WORK TASK =>
Starting with the line that holds "또한 정기적인 혈액검사를" and stopping after the line that holds "More information about", repeat the lines below word for word, without the pictures.

RECORDS TO PROCESS =>
-- Opening Marker --

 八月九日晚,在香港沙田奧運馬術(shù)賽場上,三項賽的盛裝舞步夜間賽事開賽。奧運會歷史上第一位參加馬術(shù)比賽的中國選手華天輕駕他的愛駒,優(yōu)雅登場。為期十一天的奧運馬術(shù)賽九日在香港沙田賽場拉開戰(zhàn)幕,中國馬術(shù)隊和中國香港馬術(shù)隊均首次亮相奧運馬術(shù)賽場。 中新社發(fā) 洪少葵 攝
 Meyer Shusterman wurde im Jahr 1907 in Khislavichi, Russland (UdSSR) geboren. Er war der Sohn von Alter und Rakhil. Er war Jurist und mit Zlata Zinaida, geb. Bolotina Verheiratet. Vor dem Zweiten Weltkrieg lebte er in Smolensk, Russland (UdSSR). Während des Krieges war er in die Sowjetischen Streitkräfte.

-- Closing Marker --
-- Opening Marker --

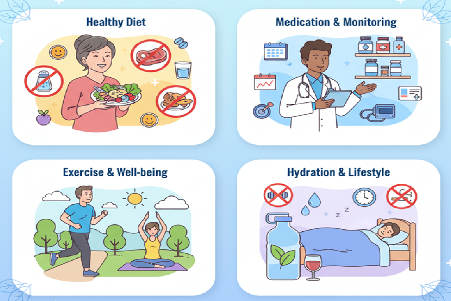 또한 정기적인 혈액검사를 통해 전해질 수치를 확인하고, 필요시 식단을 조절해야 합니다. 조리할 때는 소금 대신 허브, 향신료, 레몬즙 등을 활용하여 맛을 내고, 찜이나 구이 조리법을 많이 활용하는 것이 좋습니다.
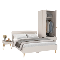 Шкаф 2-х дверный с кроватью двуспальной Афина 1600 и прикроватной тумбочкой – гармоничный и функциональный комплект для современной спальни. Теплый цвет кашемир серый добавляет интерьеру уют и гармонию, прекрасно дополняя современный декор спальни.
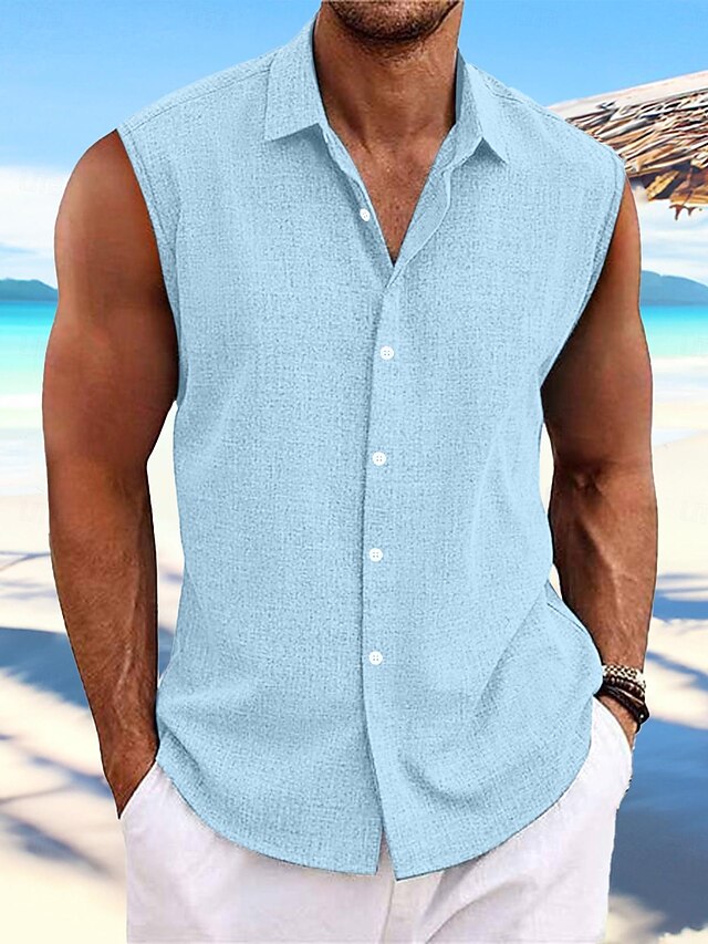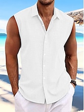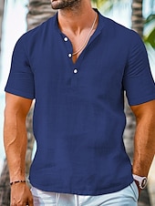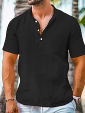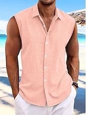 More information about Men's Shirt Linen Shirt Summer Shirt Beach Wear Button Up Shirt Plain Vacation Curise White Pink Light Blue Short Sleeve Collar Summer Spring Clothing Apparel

-- Closing Marker --

REPLY TO THE TASK =>
 또한 정기적인 혈액검사를 통해 전해질 수치를 확인하고, 필요시 식단을 조절해야 합니다. 조리할 때는 소금 대신 허브, 향신료, 레몬즙 등을 활용하여 맛을 내고, 찜이나 구이 조리법을 많이 활용하는 것이 좋습니다.
 Шкаф 2-х дверный с кроватью двуспальной Афина 1600 и прикроватной тумбочкой – гармоничный и функциональный комплект для современной спальни. Теплый цвет кашемир серый добавляет интерьеру уют и гармонию, прекрасно дополняя современный декор спальни.
 More information about Men's Shirt Linen Shirt Summer Shirt Beach Wear Button Up Shirt Plain Vacation Curise White Pink Light Blue Short Sleeve Collar Summer Spring Clothing Apparel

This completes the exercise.